I did see honour system stalls but they were pretty rare considering the size
of the area. They were more like curious exceptions rather than the norm. They
were also geared up to sell at volumes that didn't suit the bike, so too much
to carry.

I got the impression from the article on Switzerland that this was more of a
way to do your shopping, so sensible quantities not vast bulk purchases.

Incidentally I did not stop to freeload a single strawberry. On a bike with
nobody around this should have been simple, there weren't even any barbed wire
fences. However, my riding buddy - also a non-American tourist - was not so
keen. The reason why was a simple one - 'don't they have guns in America?'.

Actually they have guns in Switzerland too and there is a lot of national
service practice going on at the weekends. In fact weekends are quite
wonderful in Switzerland as the shops are closed and people go out and do
things including going to honour system stalls. The guns though are quite
terrifying if you are cycling as you can turn a corner on a descent and feel
like you are suddenly in a firing range (rather than right next to one).

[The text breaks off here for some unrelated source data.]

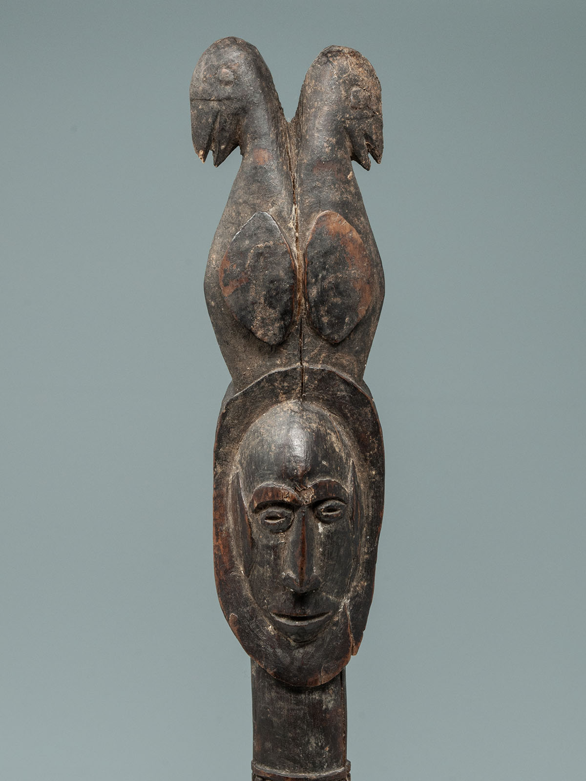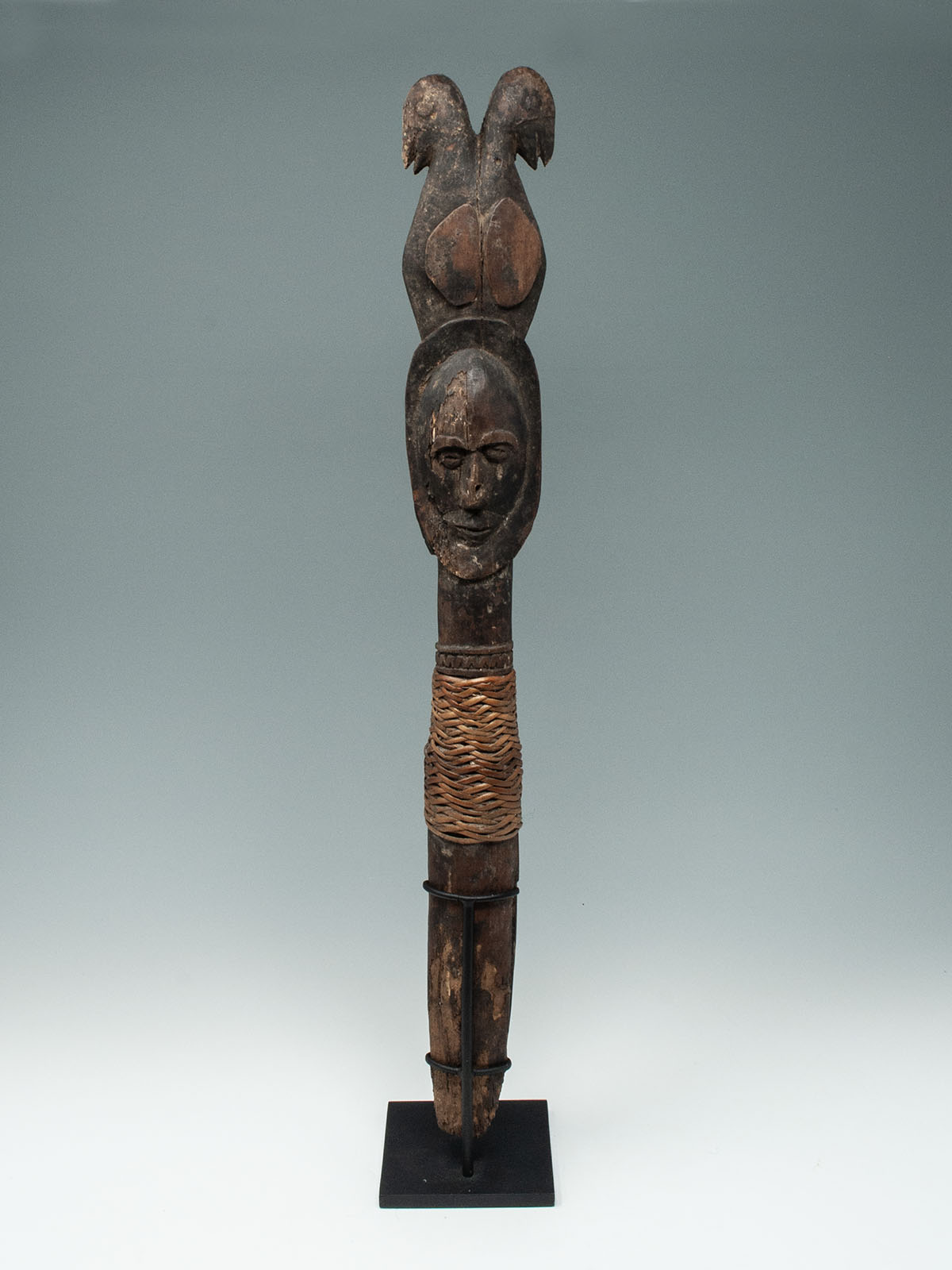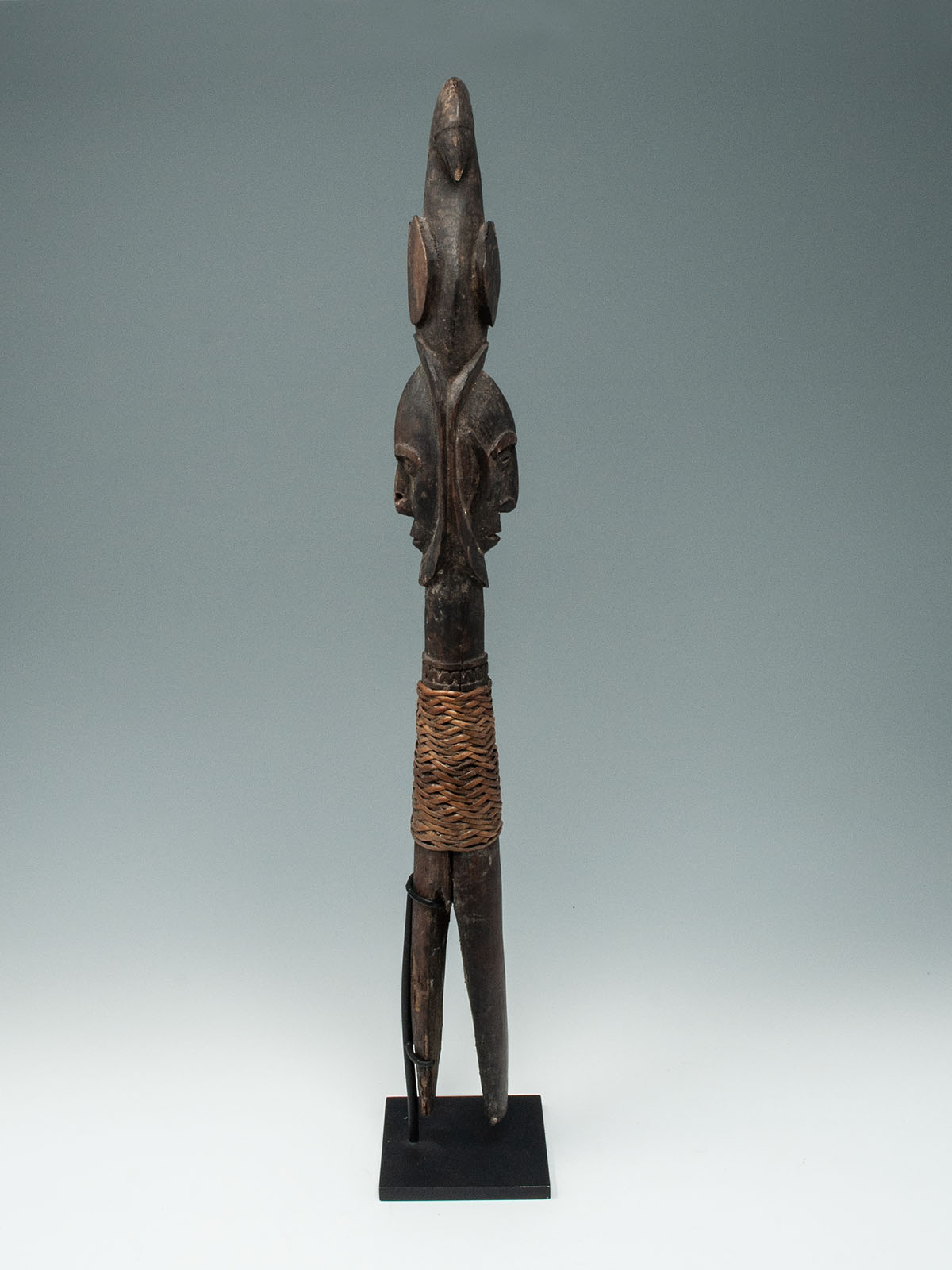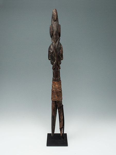 Sago pegs are used to secure a screen mesh during the preparation of sago flour. This example depicts a Janus-faced ancestor with a twinned bird crest. There is evidence of old insect damage on the back side.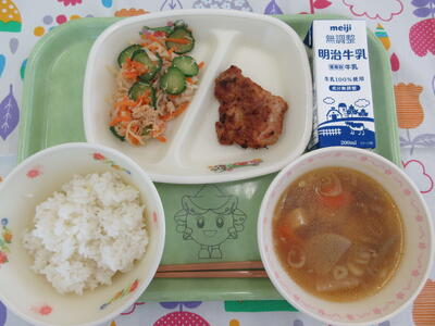 献立は「バターロールパン、鶏肉のバーベキューソースかけ、ツナレモンサラダ、コーンと白いんげんのポタージュ、牛乳、お祝いケーキ(小学生のみ)」です。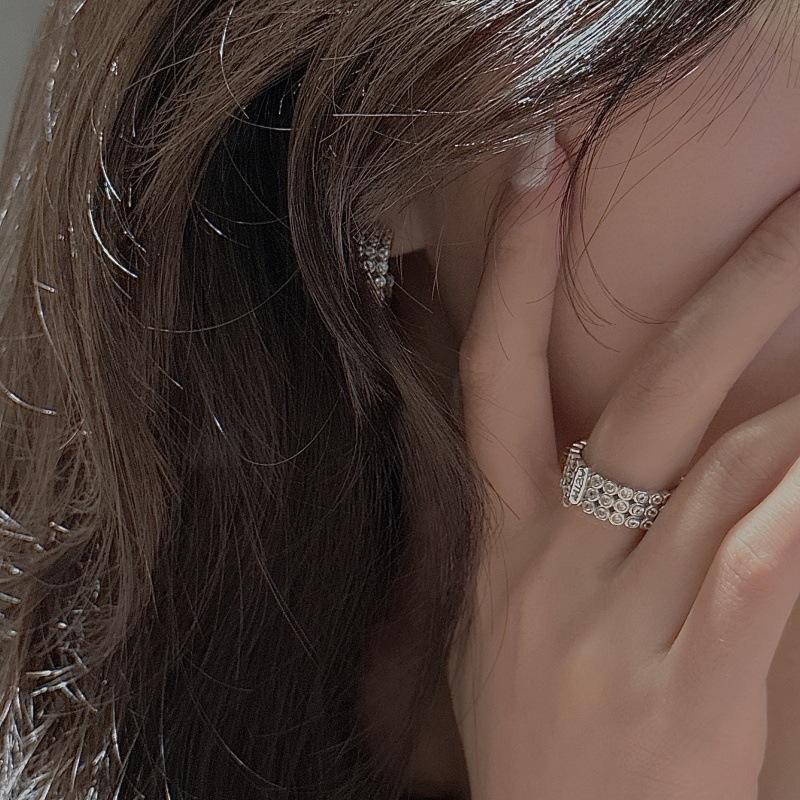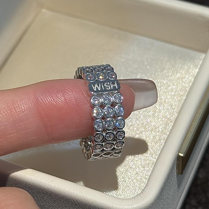 S925 Pure Silver Full Set Round Zirconia Ring Niche Design Simple Medieval Vintage English Letter Opening Claw Inlay Technology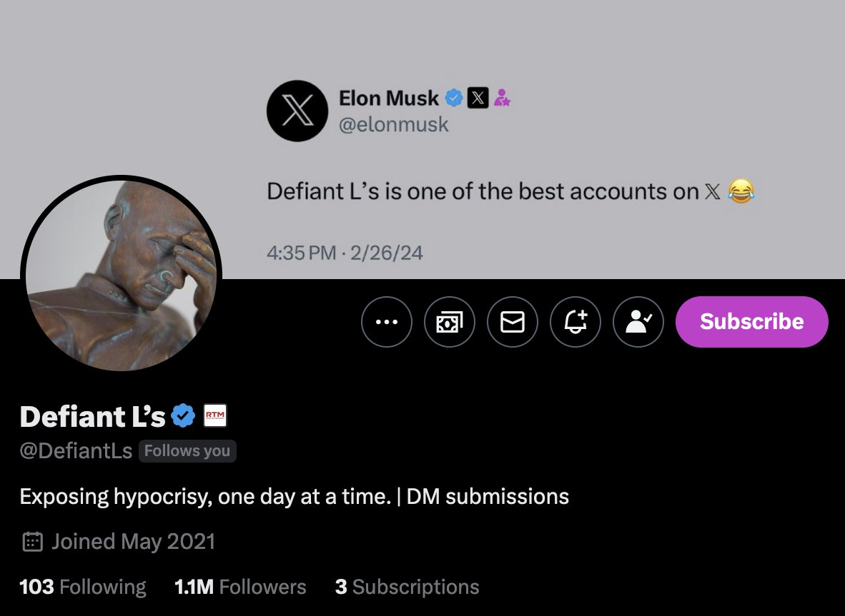 #10 Defiant L’s (@DefiantLs) excels like no other at exposing the hypocrisy of people on this platform. By juxtaposing old tweets with new ones, they highlight the double standards and contradictions that often go unnoticed.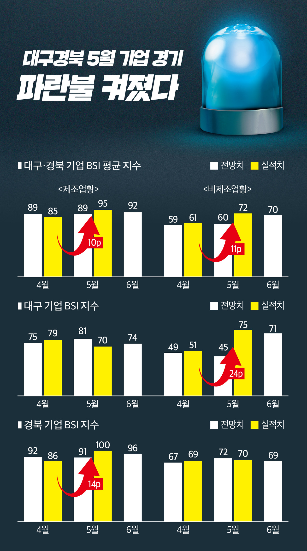 한국은행 대구·경북본부가 지난 2일 발표한 ‘5월 대구·경북 지역 기업 경기조사 결과’에 따르면 제조업 업황 BSI는 95로 전월대비 10p 상승했으며, 비제조업 업황 BSI도 72로 전월대비 11p 상승해 경기의 회복을 알렸다.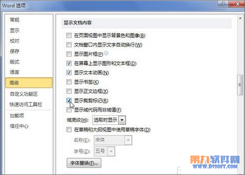 第2步,打開(kāi)“Word選項(xiàng)”對(duì)話框,切換到“高級(jí)”選項(xiàng)卡。在“顯示文檔內(nèi)容”區(qū)域取消或選中“顯示裁剪標(biāo)記”復(fù)選框,并單擊“確定”按鈕,即可在Word文檔頁(yè)面隱藏或顯示裁剪標(biāo)記,如圖2所示。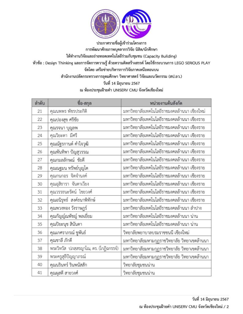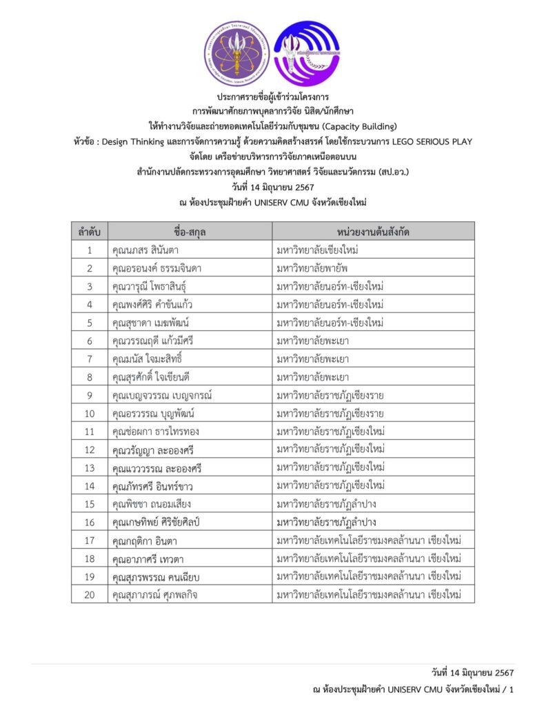 ประกาศรายชื่อผู้เข้าร่วมการอบรม “การพัฒนาศักยภาพบุคลากรวิจัย นิสิต/นักศึกษาให้ทำงานวิจัยร่วมกับภาคเอกชน (Capacity Building)”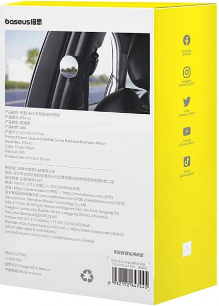 Ensure maximum safety on the road with the Baseus SafeRide rear-view mirror, which eliminates blind spots. With its wide-angle view, you'll have a perfect overview of everything happening behind your vehicle.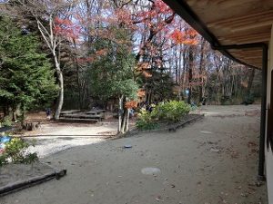 秋の終わりの一日、宮城学院で行われた研修会に参加された先生達が森の遊歩道からこども園を訪れました。森の紅葉は終わりかけ足元におびただしい落ち葉が積もっています。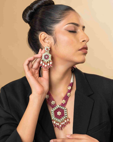 Kundan Kanchan Necklace Set- With Magenta Hues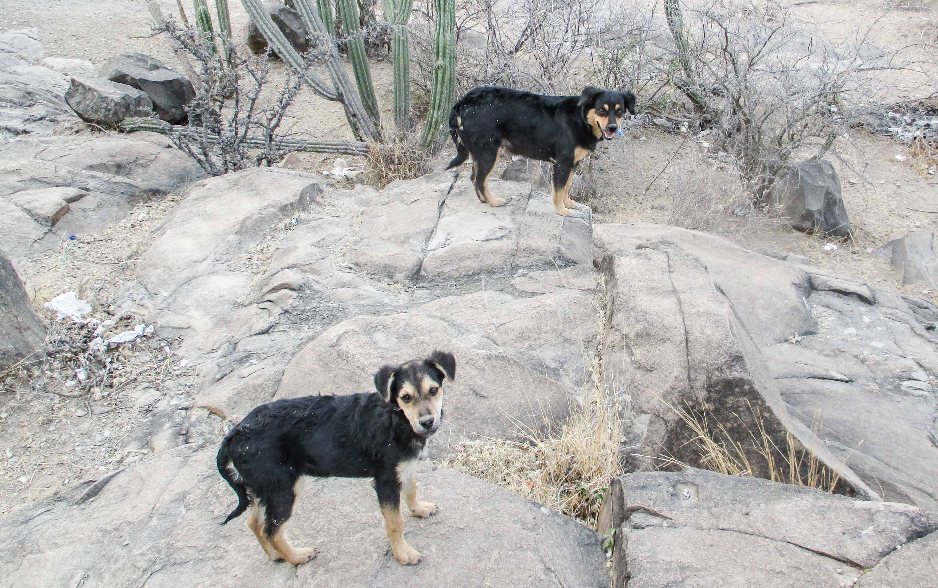 Al llegar al que yo llamo el líder se para y se me acerca, empieza a saltarme, a saludarme, quiere que lo acaricie, mientras el negro llega y también se pone delante de donde iba, quería que lo viera.

I have to say that the Californian produce looked good but was not that good
when I bought it in the shops. The land of plenty turned out to be quite
expensive and bland to European tastes. Meanwhile, in Switzerland, the
roadside appearance of plenty was not so good but the food bought in shops was
as expensive as everything is in Switzerland (so no surprise) but delightful
to taste.

The relative abundance of Swiss roadside honour stalls doesn't just say things
about how honest people are in squeaky clean Switzerland, it also says
something about the produce being of value rather than bland.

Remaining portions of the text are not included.